» BRIEF:
Although pictures appear in the data, the answer should contain only the lines from its start through the line with "Комплект и стиль: набор", written out exactly.

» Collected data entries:
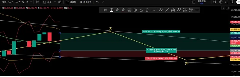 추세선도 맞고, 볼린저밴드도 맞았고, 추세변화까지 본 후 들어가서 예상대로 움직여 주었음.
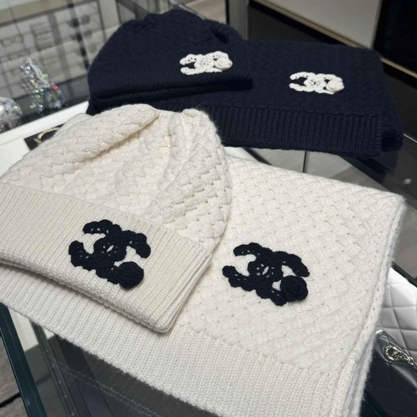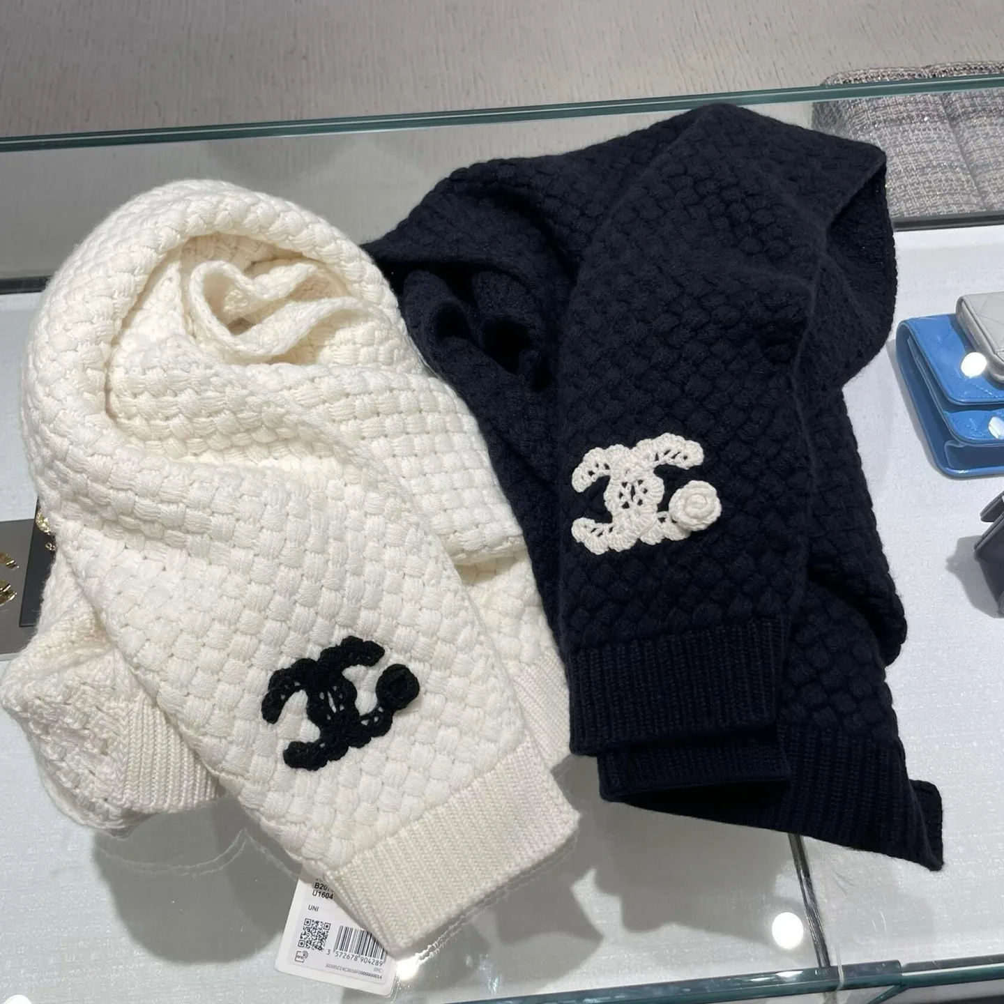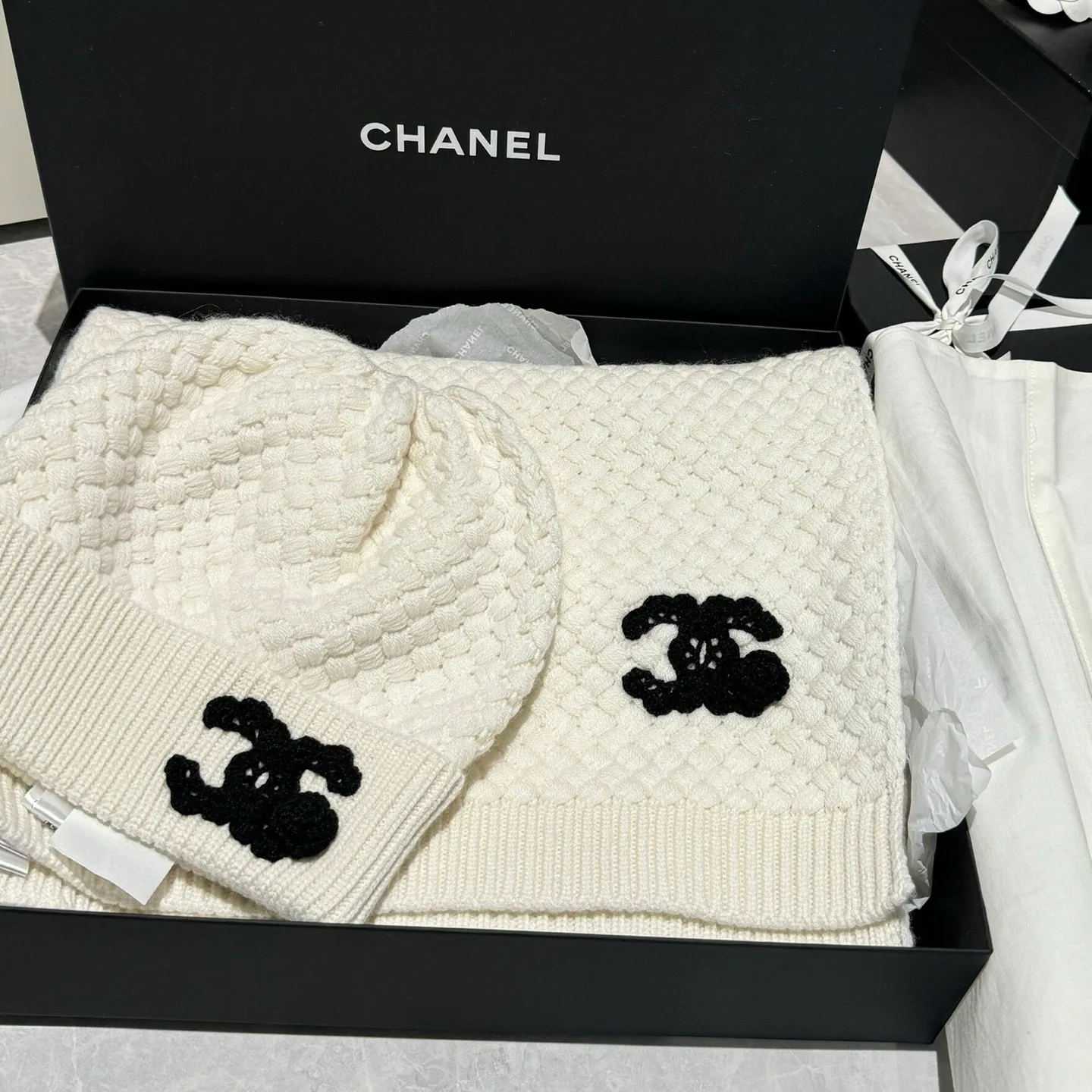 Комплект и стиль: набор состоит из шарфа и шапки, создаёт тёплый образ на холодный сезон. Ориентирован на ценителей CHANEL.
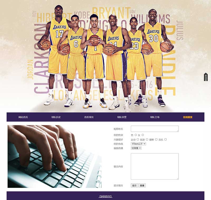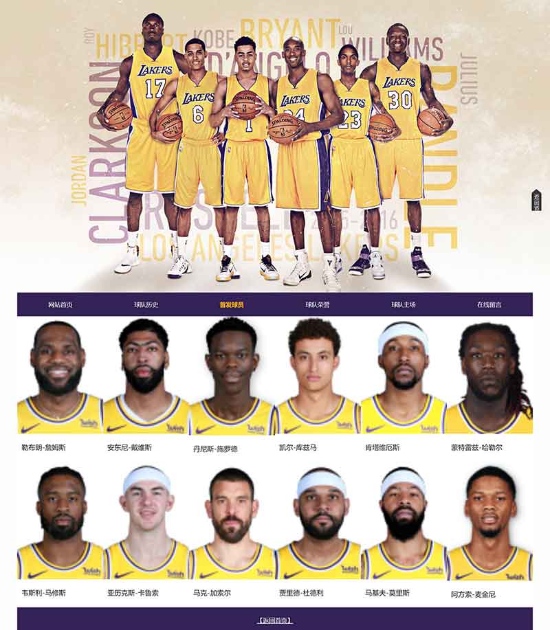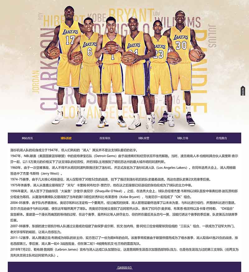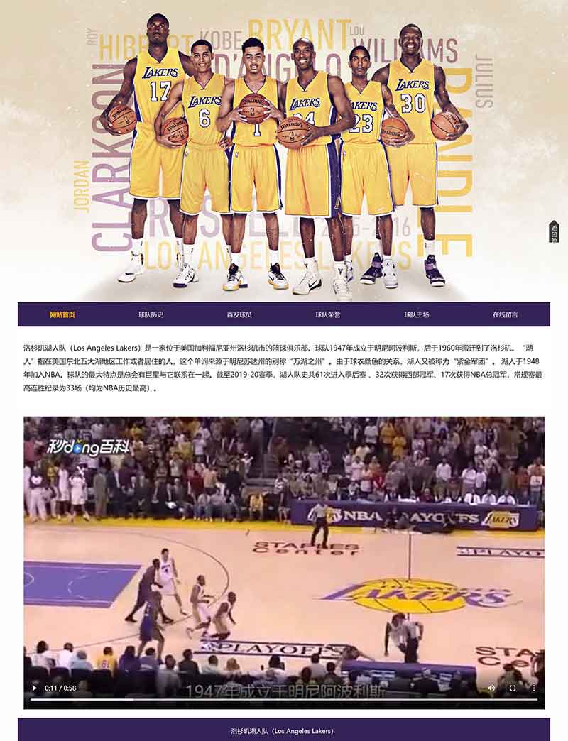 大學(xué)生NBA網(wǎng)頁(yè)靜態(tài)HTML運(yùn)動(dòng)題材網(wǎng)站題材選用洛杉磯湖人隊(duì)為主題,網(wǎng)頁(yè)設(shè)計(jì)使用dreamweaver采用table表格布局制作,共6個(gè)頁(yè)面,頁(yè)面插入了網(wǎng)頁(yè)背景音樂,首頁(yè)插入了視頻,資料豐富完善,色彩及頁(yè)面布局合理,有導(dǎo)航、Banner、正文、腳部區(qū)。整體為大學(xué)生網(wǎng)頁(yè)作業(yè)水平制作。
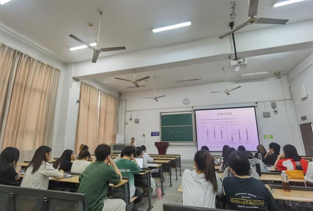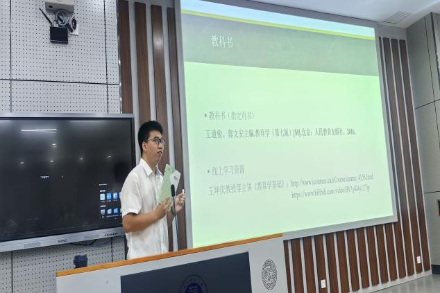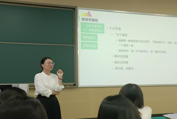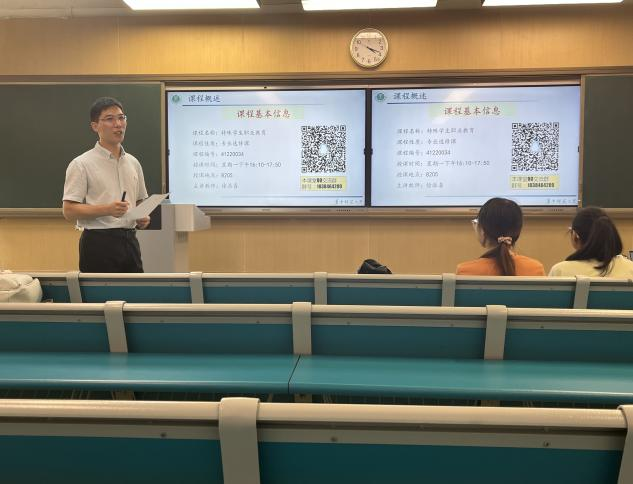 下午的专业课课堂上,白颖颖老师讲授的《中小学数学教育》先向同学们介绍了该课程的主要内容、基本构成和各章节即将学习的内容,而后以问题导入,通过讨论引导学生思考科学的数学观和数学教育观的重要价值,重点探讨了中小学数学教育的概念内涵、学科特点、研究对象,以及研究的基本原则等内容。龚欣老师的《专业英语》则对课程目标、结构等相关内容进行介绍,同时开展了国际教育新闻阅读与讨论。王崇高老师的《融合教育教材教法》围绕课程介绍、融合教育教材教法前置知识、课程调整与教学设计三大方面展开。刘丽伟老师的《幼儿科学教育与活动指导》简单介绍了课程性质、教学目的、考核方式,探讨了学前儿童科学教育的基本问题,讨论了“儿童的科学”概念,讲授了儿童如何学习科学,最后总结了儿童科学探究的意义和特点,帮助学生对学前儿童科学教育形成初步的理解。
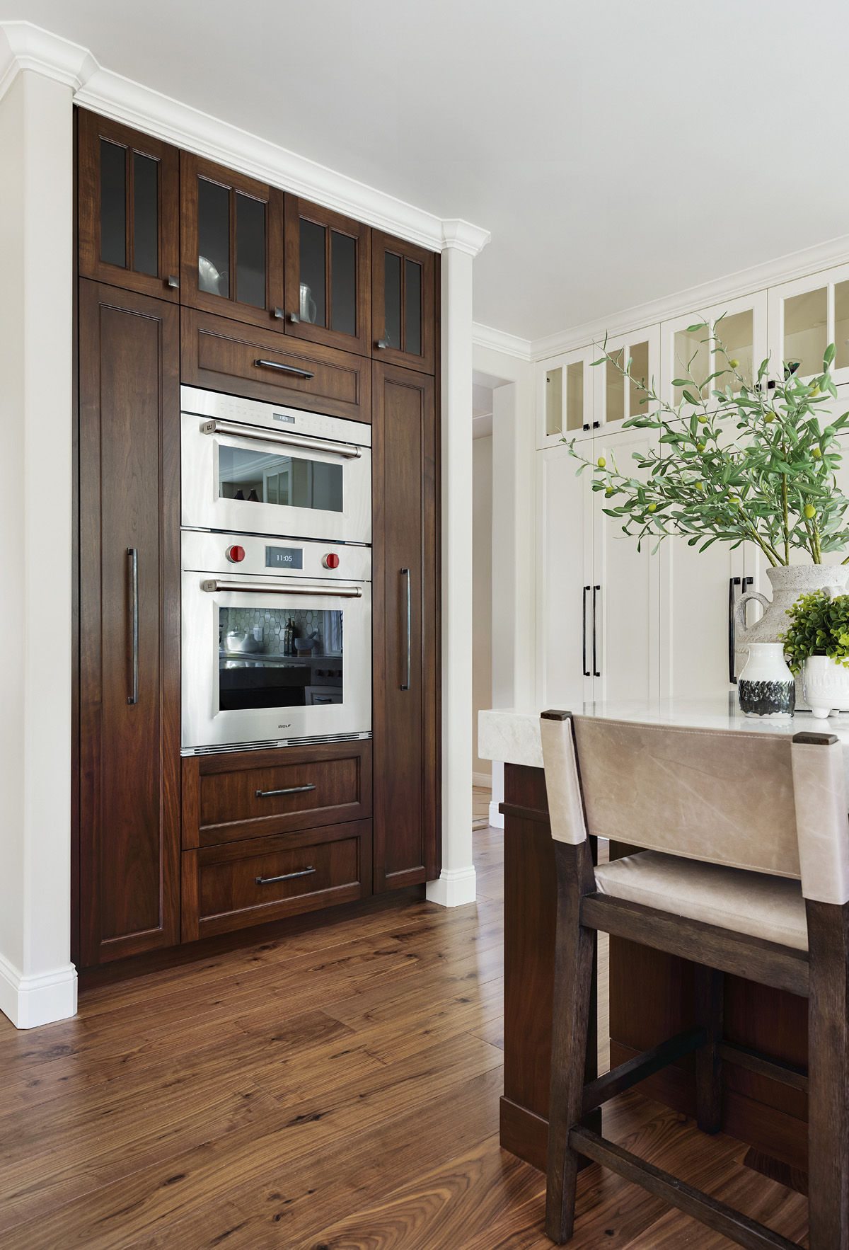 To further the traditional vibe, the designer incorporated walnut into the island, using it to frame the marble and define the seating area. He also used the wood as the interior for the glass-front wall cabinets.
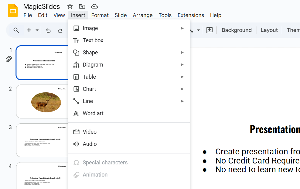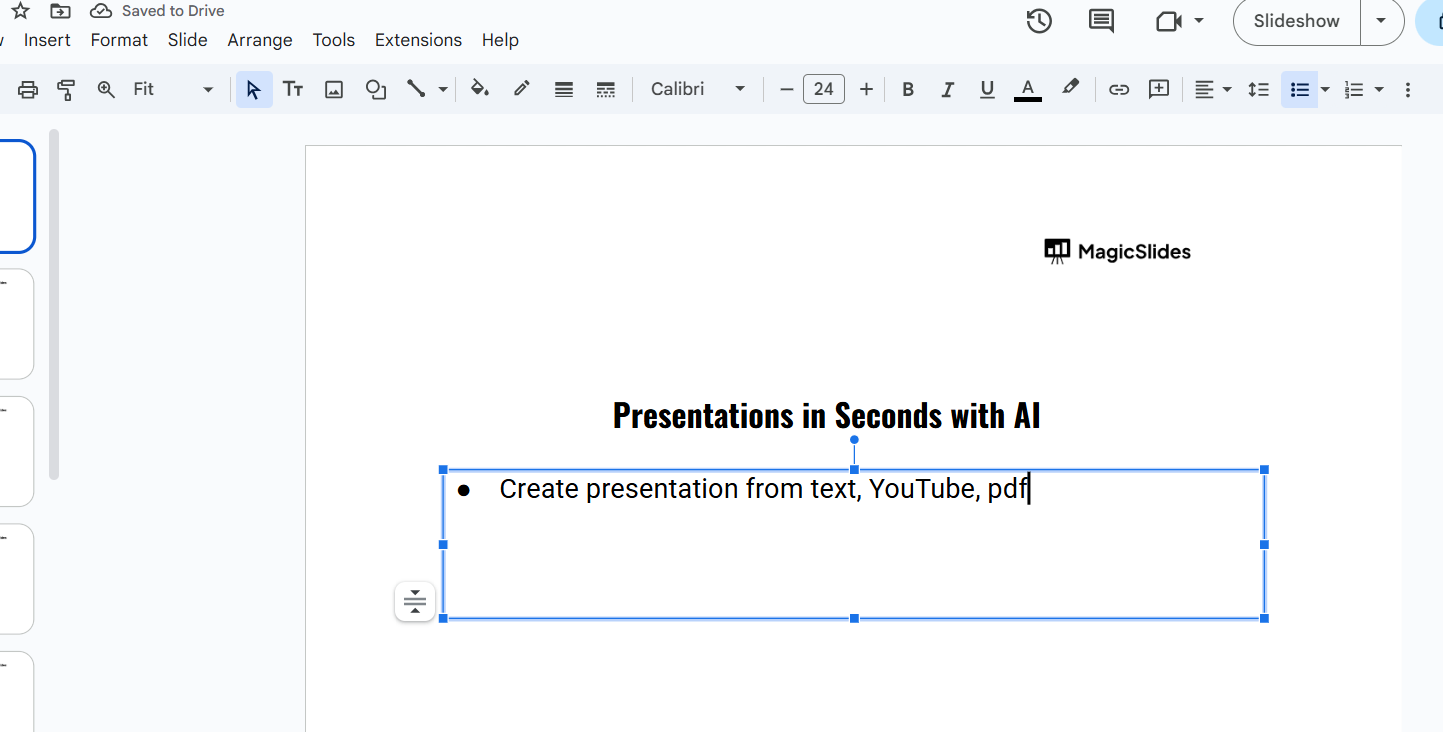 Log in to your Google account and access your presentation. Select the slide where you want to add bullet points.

» TASK RESPONSE:
 추세선도 맞고, 볼린저밴드도 맞았고, 추세변화까지 본 후 들어가서 예상대로 움직여 주었음.
 Комплект и стиль: набор состоит из шарфа и шапки, создаёт тёплый образ на холодный сезон. Ориентирован на ценителей CHANEL.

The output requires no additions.